A perfectly preserved incisor tooth (cast) from the Wellington Caves.

Among the three pairs of maxillary incisors, the first pair is enormous, curved and caniniform, meeting at the tips and exhibiting wear facets on their neighboring surfaces.  An inclined groove on the posterior surface of each has been created by the lower incisors.  I2/ is small but I3/ possesses a large crown which is oblique anteriorly and lingually.

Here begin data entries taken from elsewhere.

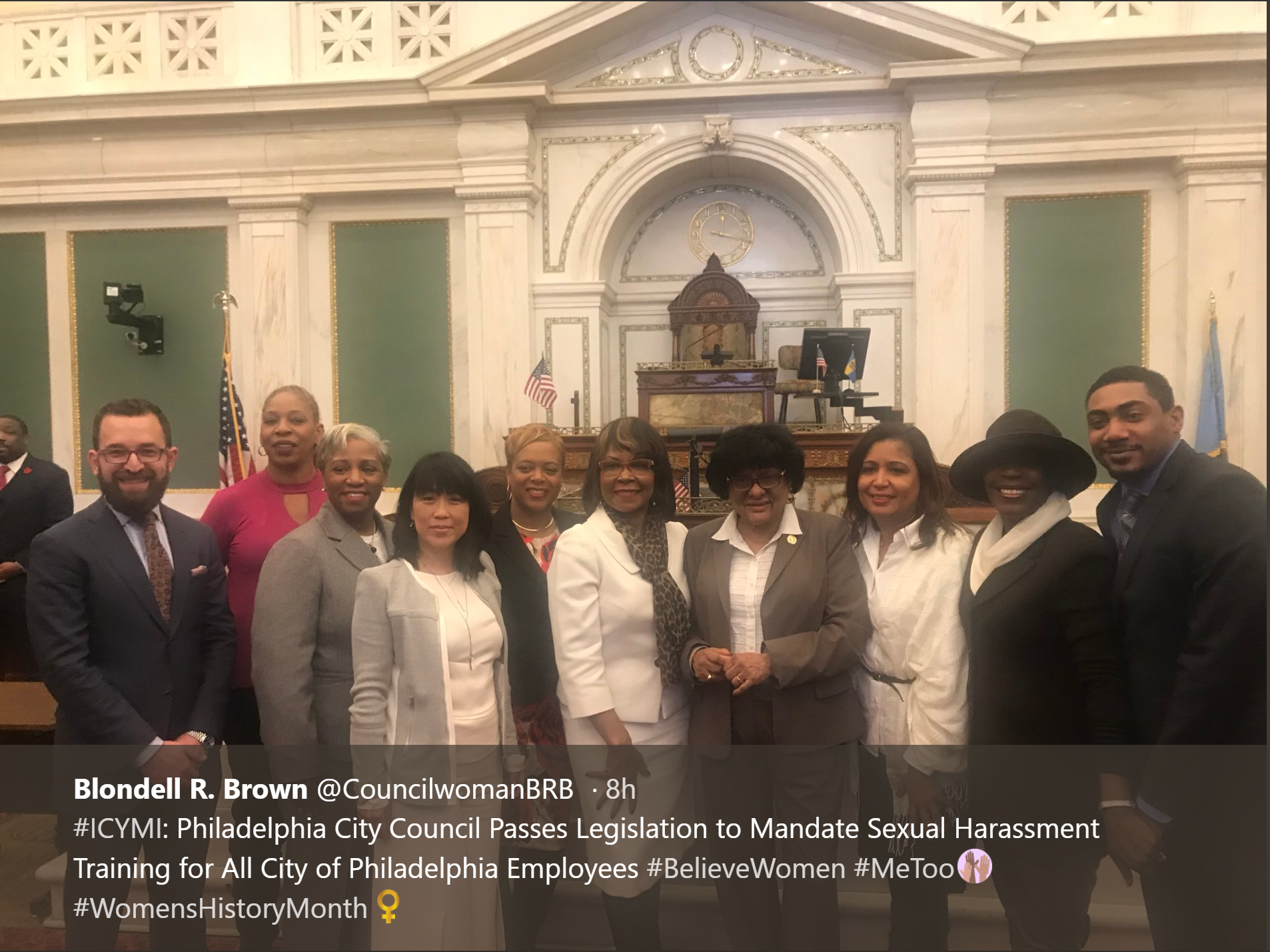 Yesterday, on International Women’s Day, Philadelphia City Council passed a bill that will require the City to provide sexual-harassment training to all of its employees and officers.
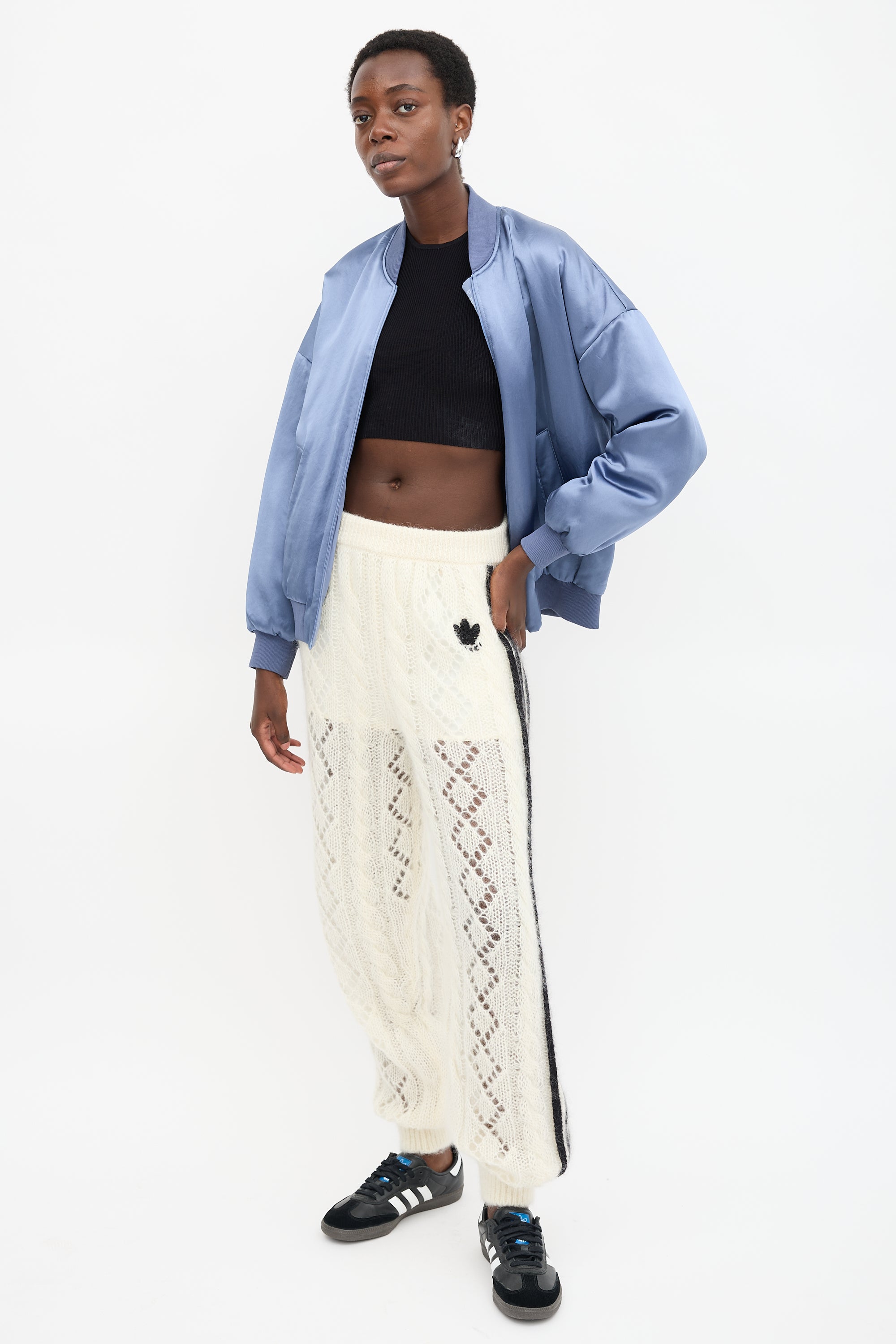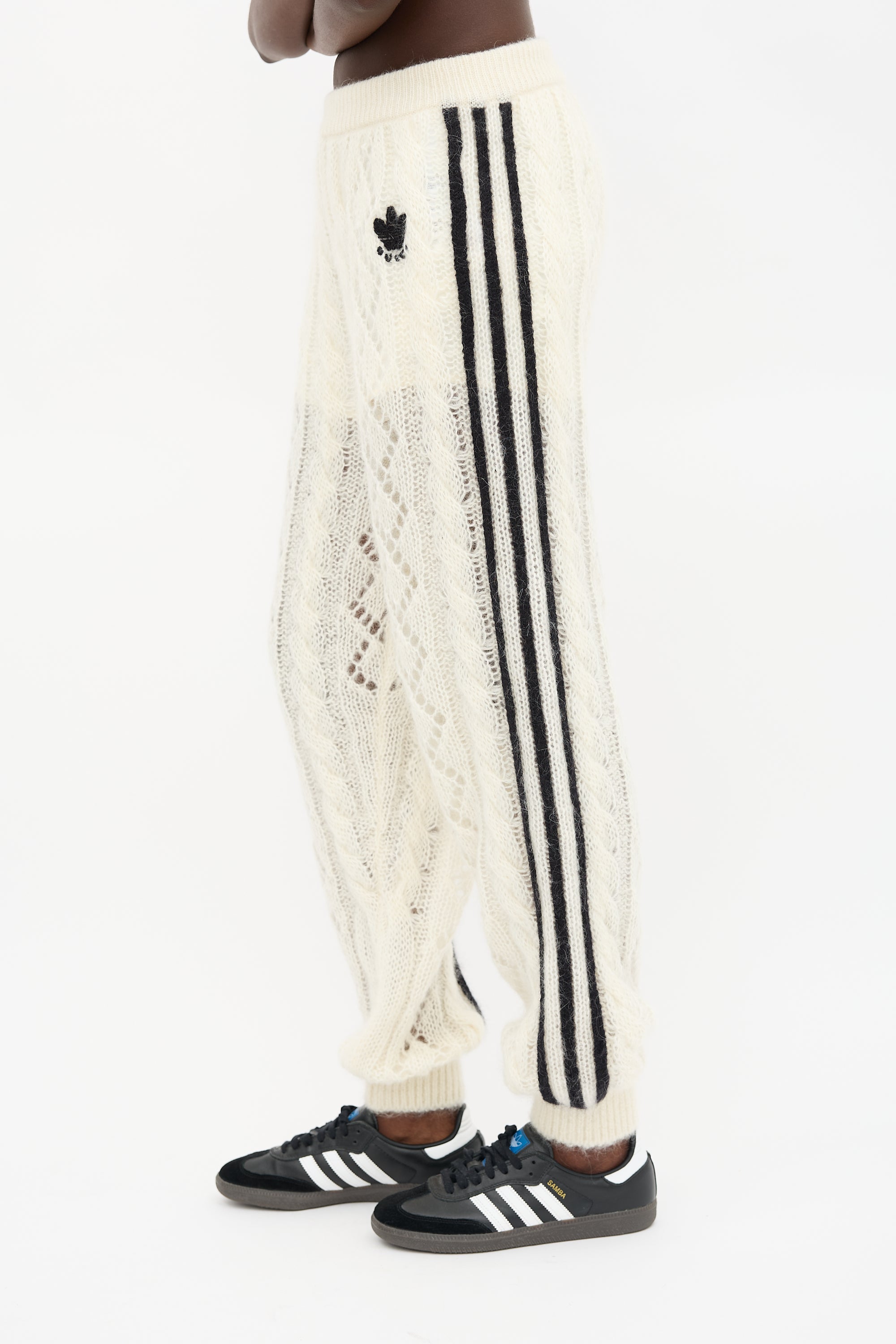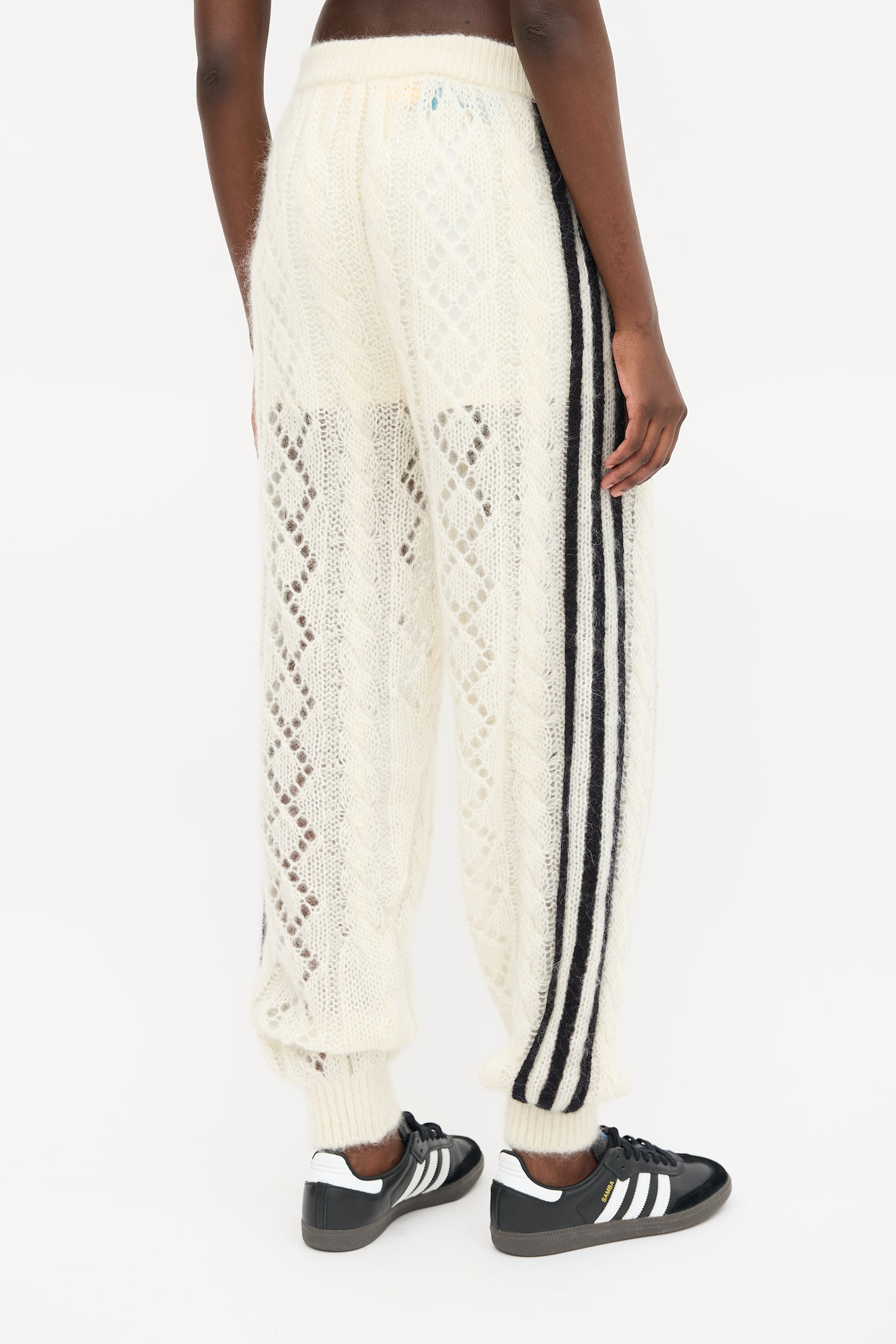 Pre-owned Gucci X Adidas cream mohair blend pants featuring a high rise, elasticized waistband, black signature 3 stripes at sides, black Trefoil logo at left hip, cable knit and pointelle detailing, wide leg, and ribbed hems. Partially lined.
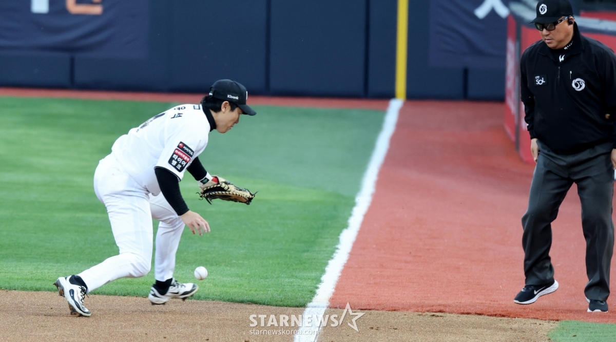 Cầu thủ chốt gôn 1 của KT Oh Yoon Suk đã không thể bắt được cú đánh bóng của Park Joo Hong ở đầu hiệp 1 của trận đấu giữa KT Wiz và Kirum Heroes diễn ra tại Công viên Suwon KT Wiz vào ngày 17. 2026.04.17.
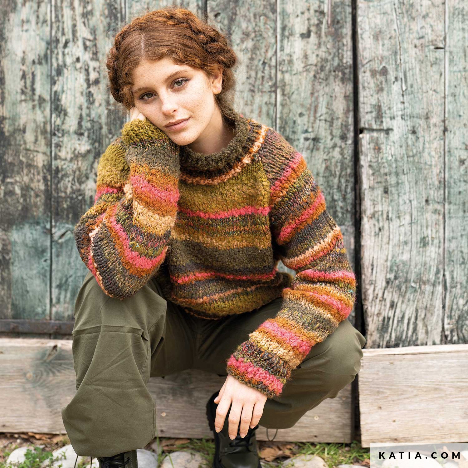 Alliez style rétro et modernité dans une même tenue grâce à ce pull multicolore et riche en texture provenant du catalogue Katia Sport 115. Son col roulé et son effet dégradé irrégulier en font une pièce unique. Tricotez des vêtements esprit vintage dans la laine fantaisie Katia Funk pour obtenir un superbe résultat.

    The small blunt maxillary canine is located in the palate posterior to I3 and has no resemblance at all to the homologous tooth in most carnivores.  The first two maxillary premolars are small as well and are positioned at the anterior margin of P3/.
 

The third maxillary premolar is a massive structure designed for for cutting which may in some specimens measure up to 57 mm in length and has a lingually oriented occlusal surface.  As this tooth becomes worn down, the buccal side of the root becomes further elongated faster than the lingual surface and therefore the crown 'rotates' lingually in order to maintain a close contact with P/3.  The margin of the maxilla appears to grown downwards at the same time, thereby increasing the vaulting of the palate.  Such a rotation has been recorded by Mellett (1969) in the maxillary carnassial teeth (M1/ and M2/) of Hyenodon but this action does not appear to occur in fissipede carnivores.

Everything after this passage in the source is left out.